Posted on 03/02/2007 10:39:19 AM PST by NormsRevenge

The Bush administration selected Lawrence Livermore National Laboratory's design for a new generation of atomic warheads, two officials familiar with the decision said Friday.

The decision, to be announced later in the day, came a year after the administration ordered a competition between Lawrence Livermore near San Francisco and Los Alamos National Laboratory in New Mexico. The officials spoke on condition of anonymity because it had not been formally announced.

The administration decided the design submitted by Lawrence Livermore, with engineering assistance from Sandia National Laboratories, could be built with greater confidence without underground testing because it was more closely tied to earlier designs that had been tested, officials said.

The Nuclear Weapons Council also found several proposed features of the Los Alamos design "highly innovative" and held out the possibility they will be integrated into the future warhead design.

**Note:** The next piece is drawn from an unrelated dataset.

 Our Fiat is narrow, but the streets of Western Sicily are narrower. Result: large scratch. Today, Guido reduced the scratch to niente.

As the program progresses, Lawrence Livermore will work closely with production plants, assuming Congress will pay for it and that those manufacturing facilities can be brought back to life.

If funded by Congress, the new warhead would be used for some of the nation's sea-based nuclear weapons, the administration says. Sandia will develop non-nuclear components to ensure compatibility with the Defense Department's Trident submarine-launched ballistic missile system.

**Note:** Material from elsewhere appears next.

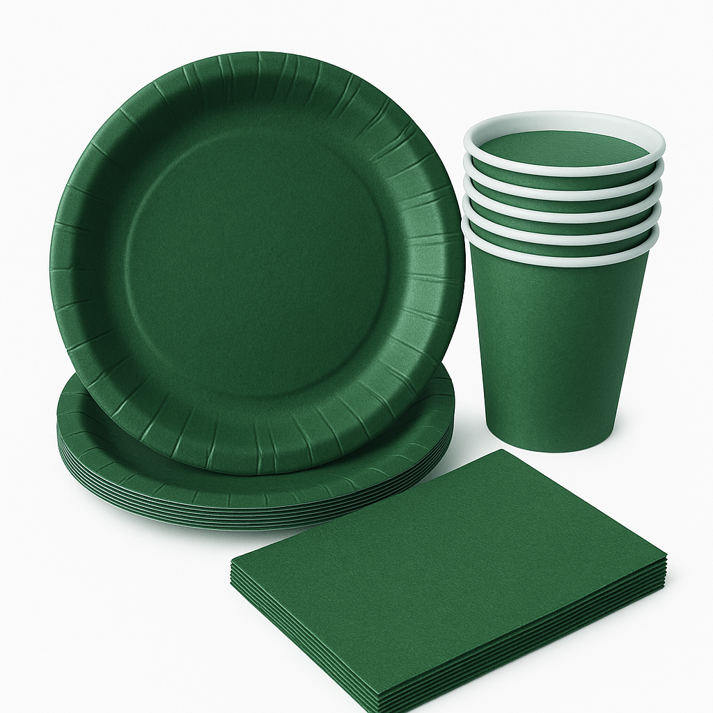 Zestaw Imprezowy – Ciemnozielony (Serwetki 20 szt., Kubki 6 szt., Talerzyki 6 szt.)

Many of the warheads in the nation's stockpile were designed and built 40 years ago, and their plutonium and other components are deteriorating in ways that researchers do not fully understand.

The government spends billions of dollars each year tending to its aging stockpile. The administration has dubbed the program to design a safer and more effective warhead the Reliable Replacement Warhead.

Critics fear the project could send the wrong signal to the world at a time when the United States and its allies are trying to curb the spread of nuclear technology.

The announcement comes at a time when the administration is engaged in delicate disarmament negotiations with North Korea, which reportedly possesses several nuclear weapons, and Iran, which the administration fears wants them.

Iran recently called on the United States to abandon its nuclear weapons program.

Opponents of the program also question whether a next-generation bomb can improve reliability and safety if it cannot be tested. Congress has financed the research on the condition that the redesigned weapon reduce the need for testing.

The United States has not built a nuclear warhead since 1991. The government spends about $5 billion a year maintaining the weapons, and engineers have patched problems by opening up warheads that were never meant to be opened. The accumulation of tiny engineering changes meant the bombs moved incrementally away from their original designs, with unknown effects.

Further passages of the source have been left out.